Am 20.06.2012 19:35, schrieb Sage Weil:
> On Wed, 20 Jun 2012, Stefan Priebe wrote:
>> Nobody an idea? Should i open up bugs in tracker?
>
> Let's open up bugs.  If they are reproducible, debug osd = 20 logs would
> be awesome!
>
> Also, the crash you mentioned in your earlier email we did see:
>
> 	http://tracker.newdream.net/issues/2599
>
> If you have logs from that crash, those would also be helpful.

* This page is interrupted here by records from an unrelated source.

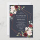Modern and trendy, this gorgeous wedding invitation design features a faux copper rose gold geometric embellished with beautiful burgundy and pink watercolor roses, buds, and eucalyptus greenery, on a modern navy blue background. The back of the card features your favourite engagement photo. Copyright Elegant Invites, all rights reserved.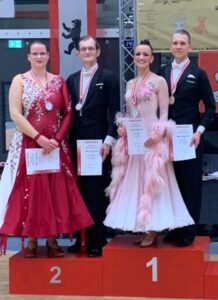 In der Hauptgruppe II B-Standard (die mit der A kombiniert war) holten Sarah und Max aus Berliner Sicht den Vizemeistertitel und wurden in der Gesamtwertung Dritte. Prima! Zwei weitere Balance Paare folgten auf den Plätzen 4 und 5: Viktoria und Carl, sowie Ulrike und Rainer. Viktoria und Carl konnten vor allem im Wiener und Slow Fox punkten, wo sie Platz 2 und 3 erzielten. Gut!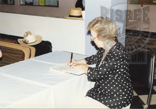 Bisbee Convention Center. Virginia McConnell is signinig something, possibly a guestbook for the opening oof the convention center.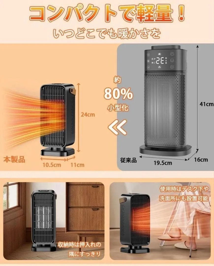 【コンパクトで収納しやすく、多場面で活躍】 わずか 829g の軽さと 24*10.5*11cm のサイズは、簡単に収納します。heater for room 冬のキャンプ場で手元を暖めたり、オフィスのデスク下で足元を温めたり、寝室のベッドサイドで夜中の寒さをしのいだり…… いつどこでも、ちょっとしたスペースに置くだけで快適な小さな「暖かいココロ」を提供します。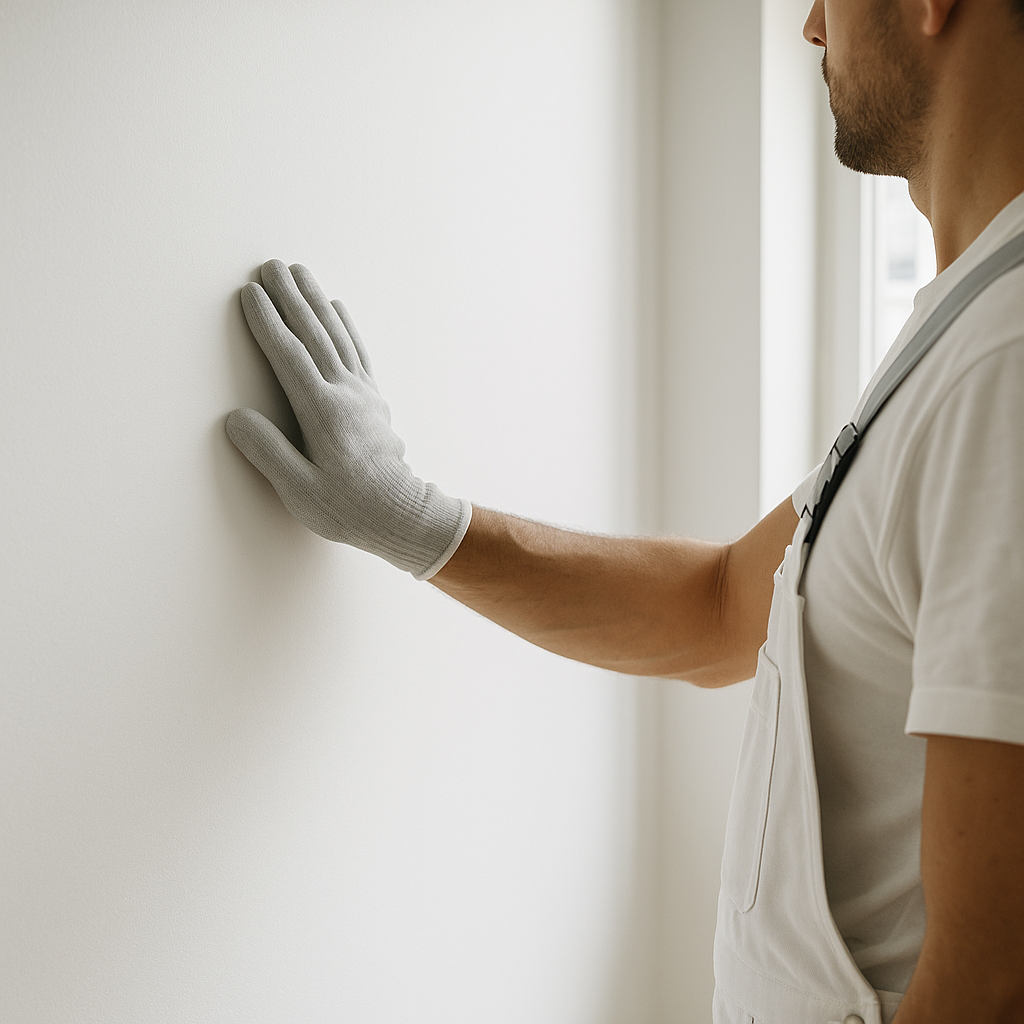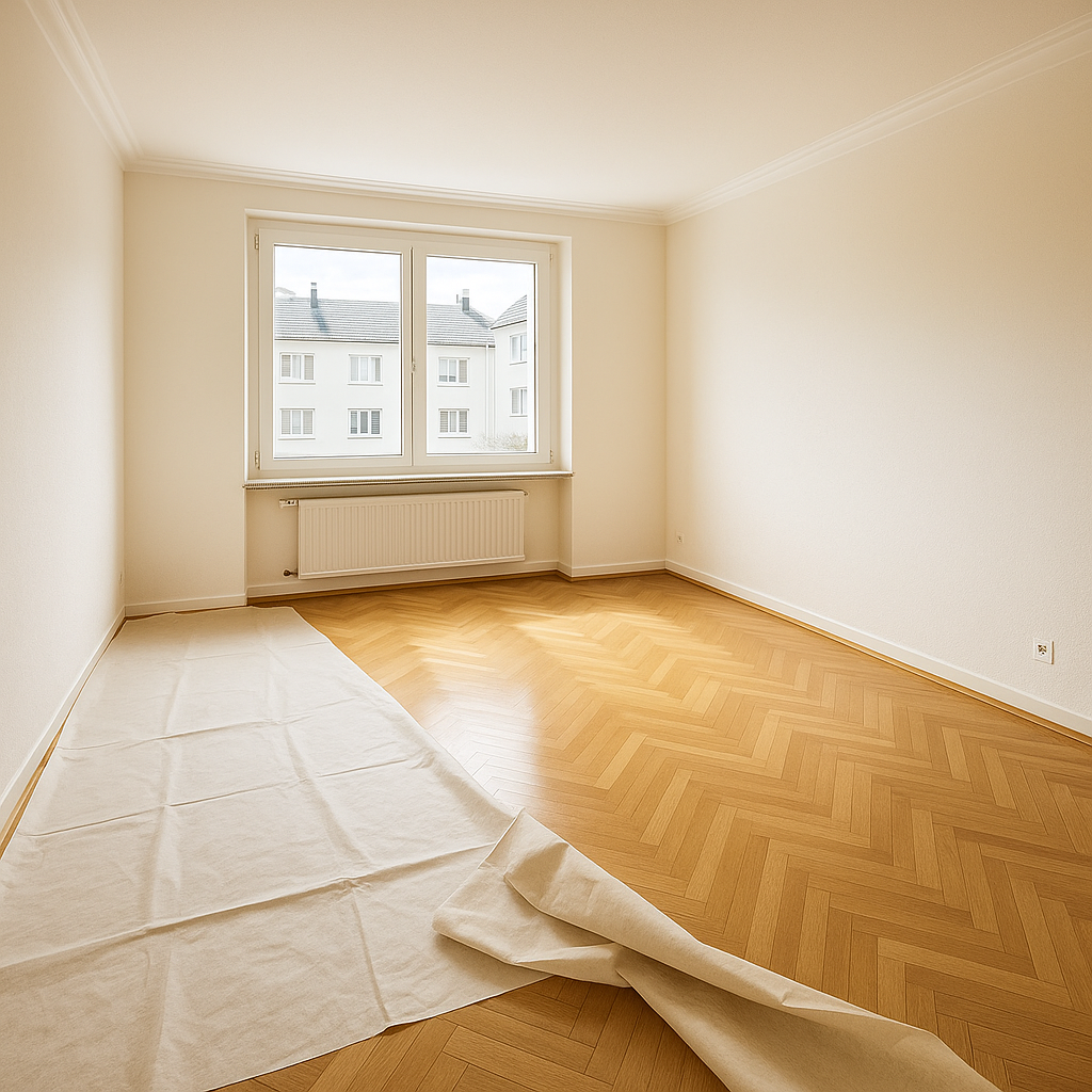 Avant chaque intervention, nous protégeons intégralement les sols, meubles et plinthes avec des matériaux professionnels adaptés (Permafix, adhésifs basse adhérence, bâches antidérapantes).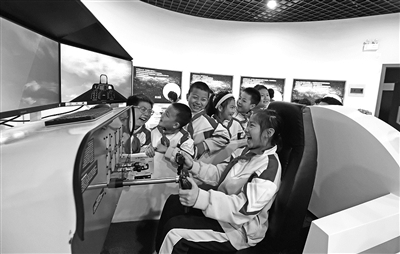 4月12日是世界航天日,仙居县实验小学开展“逐梦航天”主题教育活动。图为学生在学校科技馆操作飞行驾驶模拟器。(本报通讯员 王华斌 摄)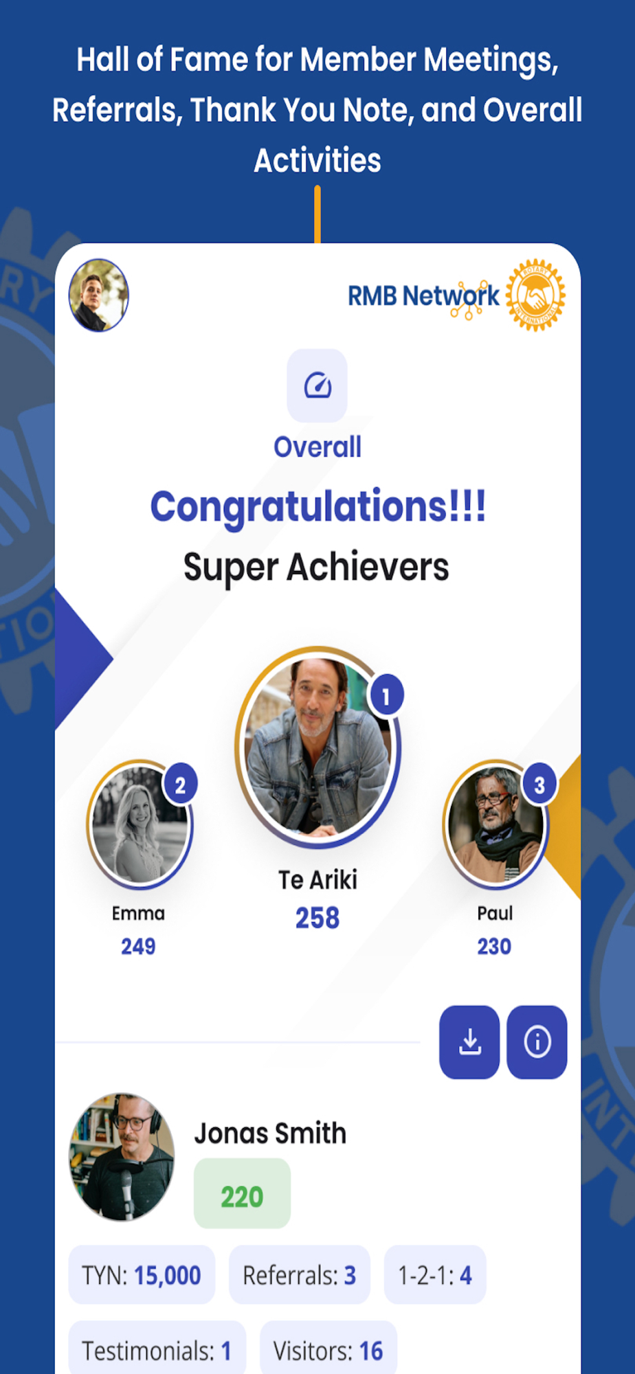 RMB Network is a versatile mobile app that facilitates easy networking, fellowship and referral passing among the members of Rotary Means Business (RMB). The application features member directory, ability to add activities, score computation and data analytics. RMB is a fellowship and networking group started by Rotary International.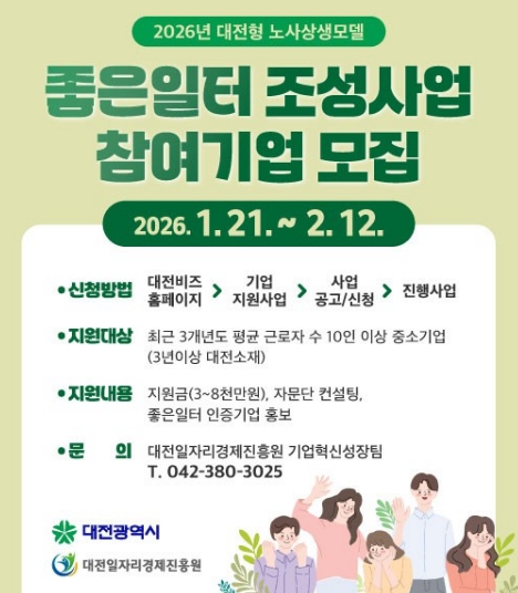 [무한뉴스=정민정 기자] 대전시는 1월 21일부터 2월 12일까지 대전형 노사상생 모델‘2026년 좋은 일터 조성사업’에 참여할 12개 기업을 공개 모집한다.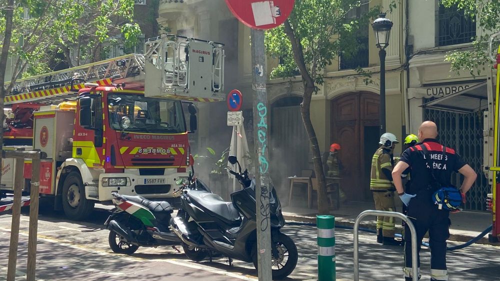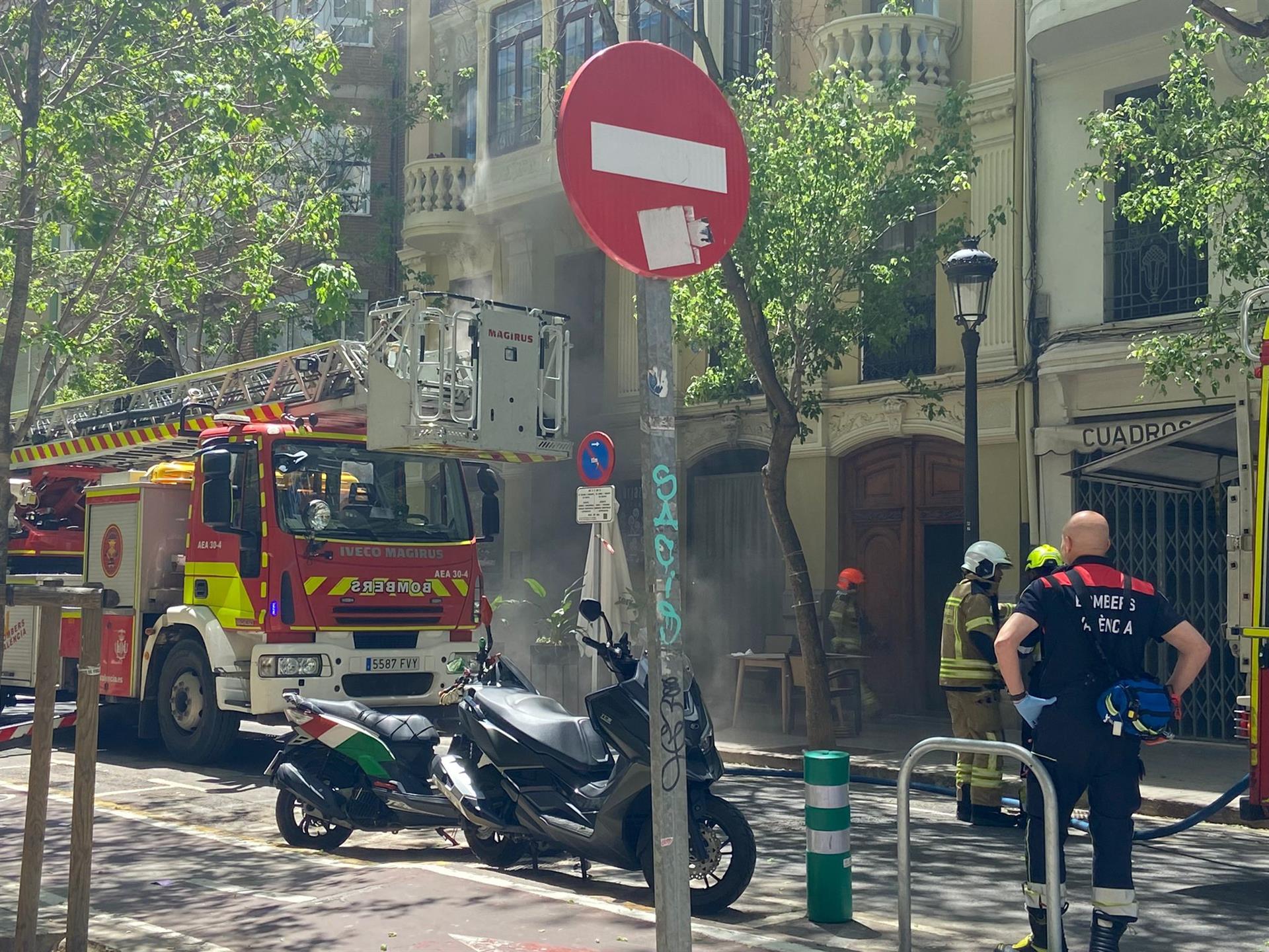 Efectivos del cuerpo municipal de Bomberos del Ayuntamiento de València han intervenido en el mediodía de este sábado para controlar un incendio que se ha desatado en un restaurante situado en pleno centro de la capital del Turia.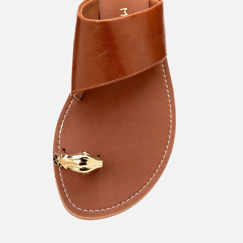 Sandália Rasteira com Ring Toe ou Anel de Dedo com Aplicação de Peça Metalizada com Formato de Cobra Dourada e Tira Larga na cor Caramelo. Com solado rasteiro com saltinho mínimo, laqueado em fusão de base nude com topo caramelo, palmilha revestida em napa em sobretom com detalhe em costura pesponto fazendo o contorno da sola, com traseira e bico arredondados, tira fina achatada em napa lisa dividindo o dedão com aplicação de peça com formato de cobra na cor dourada e tira larga sobre a base do tornozelo – esta tira sai mais larga da parte interna do pé e fica mais fina na parte externa. A rasteira é aberta na traseira de calce prático e a palmilha tem a marca Milano aplicada em etiqueta 3D na cor dourada.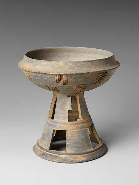 This work of art is currently on loan to the museum.This pedestal dish was used in daily life as well as in mortuary rituals. It is typical of stoneware produced in the Silla Kingdom and the Gaya Federation. Vessels like these have been excavated in large amounts, with and without their lids, from tomb sites along the Nakdong River, in southeast Korea, the area of the former territories of Silla and Gaya.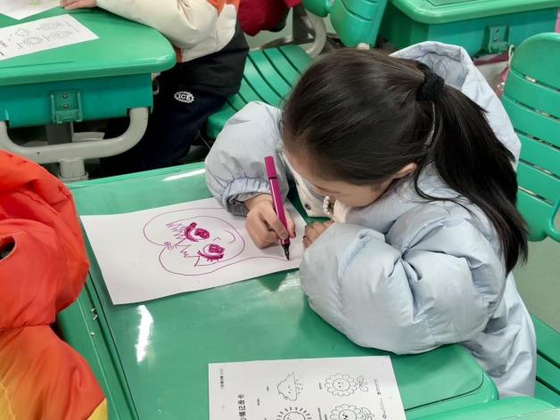 课程尾声,伴着舒缓柔和的背景音乐,孩子们拿起画笔创作专属自画像:有人特意勾勒出自己的单眼皮,有人为爱笑的嘴角画上可爱弧线,还有人在画像旁标注“勇敢”“爱思考”“喜欢画画”等专属标签。围坐分享环节,孩子们高举自己的作品,用稚嫩却响亮的声音喊出:“我和别人不一样,我喜欢我自己!”字里行间满是骄傲与自信。最后,每位同学认真填写心情记录卡,老师逐一与孩子贴心交流,对情绪低落的同学进行针对性心理引导,并用温暖的拥抱、个性化的鼓励,为本次课程画上圆满句号。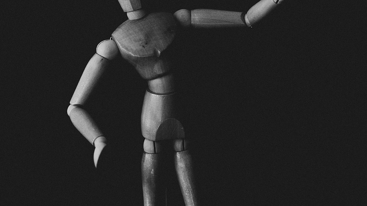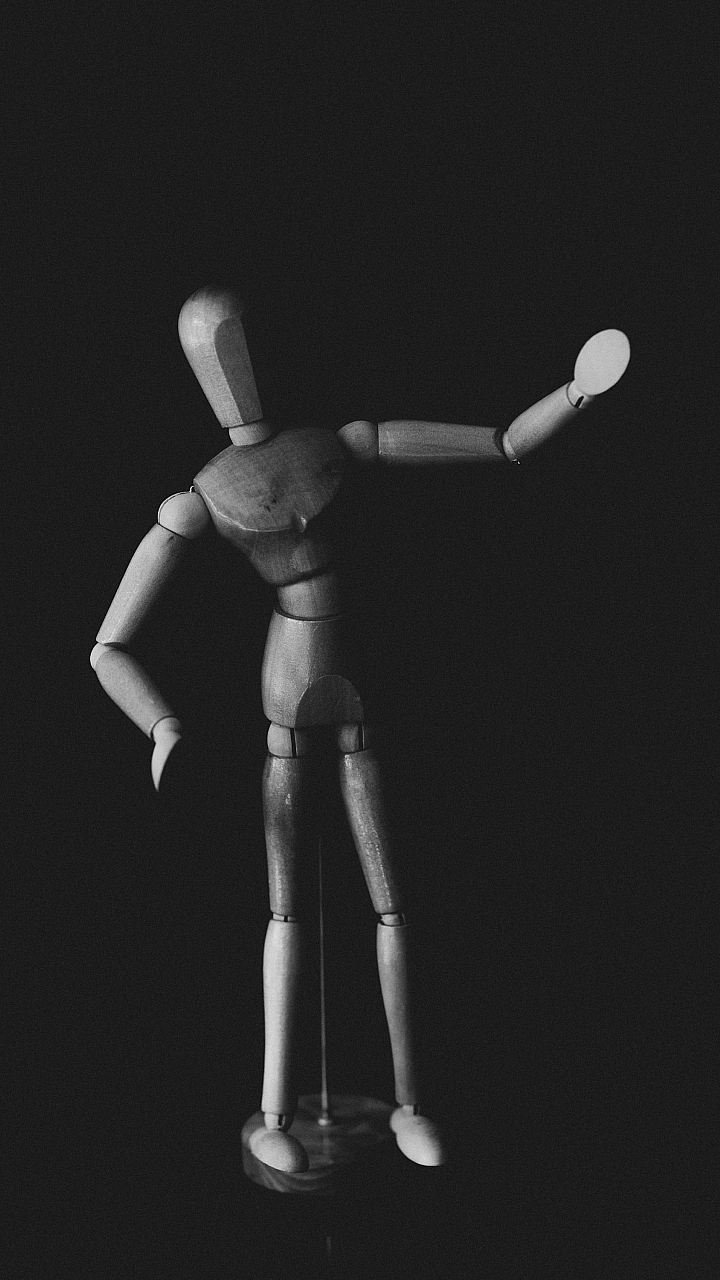 Keywords: black and white, monochrome, wooden figure, wood carving, figurine, sculpture, art, craft, handmade, rustic, vintage, antique, minimalist, simple, photography

i can't reproduce but it happens pretty often. So i can switch to debug 
osd = 20 in general. What else do you need?

Stefan

^ permalink raw reply	[flat|nested] 9+ messages in thread

* Re: still crashing osds with next branch
  2012-06-20 18:10       ` Stefan Priebe
@ 2012-06-20 18:11         ` Sage Weil
  2012-06-20 20:21           ` Stefan Priebe
  0 siblings, 1 reply; 9+ messages in thread
From: Sage Weil @ 2012-06-20 18:11 UTC (permalink / raw)
  To: Stefan Priebe; +Cc: ceph-devel@vger.kernel.org

On Wed, 20 Jun 2012, Stefan Priebe wrote:
> Am 20.06.2012 19:35, schrieb Sage Weil:
> > On Wed, 20 Jun 2012, Stefan Priebe wrote:
> > > Nobody an idea? Should i open up bugs in tracker?
> > 
> > Let's open up bugs.  If they are reproducible, debug osd = 20 logs would
> > be awesome!
> > 
> > Also, the crash you mentioned in your earlier email we did see:
> > 
> > 	http://tracker.newdream.net/issues/2599
> > 
> > If you have logs from that crash, those would also be helpful.
> 
> i can't reproduce but it happens pretty often. So i can switch to debug osd =
> 20 in general. What else do you need?

That will probably be enough, but if you get a core file, don't throw it 
away :)

thanks!
sage


^ permalink raw reply	[flat|nested] 9+ messages in thread

* Re: still crashing osds with next branch
  2012-06-20 18:11         ` Sage Weil
@ 2012-06-20 20:21           ` Stefan Priebe
  0 siblings, 0 replies; 9+ messages in thread
From: Stefan Priebe @ 2012-06-20 20:21 UTC (permalink / raw)
  To: Sage Weil; +Cc: ceph-devel@vger.kernel.org

Am 20.06.2012 20:11, schrieb Sage Weil:
> On Wed, 20 Jun 2012, Stefan Priebe wrote:
>> Am 20.06.2012 19:35, schrieb Sage Weil:
>>> On Wed, 20 Jun 2012, Stefan Priebe wrote:
>>>> Nobody an idea? Should i open up bugs in tracker?
>>>
>>> Let's open up bugs.  If they are reproducible, debug osd = 20 logs would
>>> be awesome!
>>>
>>> Also, the crash you mentioned in your earlier email we did see:
>>>
>>> 	http://tracker.newdream.net/issues/2599
>>>
>>> If you have logs from that crash, those would also be helpful.
>>
>> i can't reproduce but it happens pretty often. So i can switch to debug osd =
>> 20 in general. What else do you need?
>
> That will probably be enough, but if you get a core file, don't throw it
> away :)

Hi first log is 2.6GB and core dump 643MB? Where to put this?

Stefan

^ permalink raw reply	[flat|nested] 9+ messages in thread

* Re: still crashing osds with next branch
  2012-06-20 17:19   ` Stefan Priebe
  2012-06-20 17:35     ` Sage Weil
@ 2012-06-20 22:56     ` Sage Weil
  2012-06-21  5:54       ` Stefan Priebe - Profihost AG
  1 sibling, 1 reply; 9+ messages in thread
From: Sage Weil @ 2012-06-20 22:56 UTC (permalink / raw)
  To: Stefan Priebe; +Cc: ceph-devel@vger.kernel.org

Just a quick update: there were some problems with doing a rolling 
upgrade that may be responsible for these.  We're testing the fix now.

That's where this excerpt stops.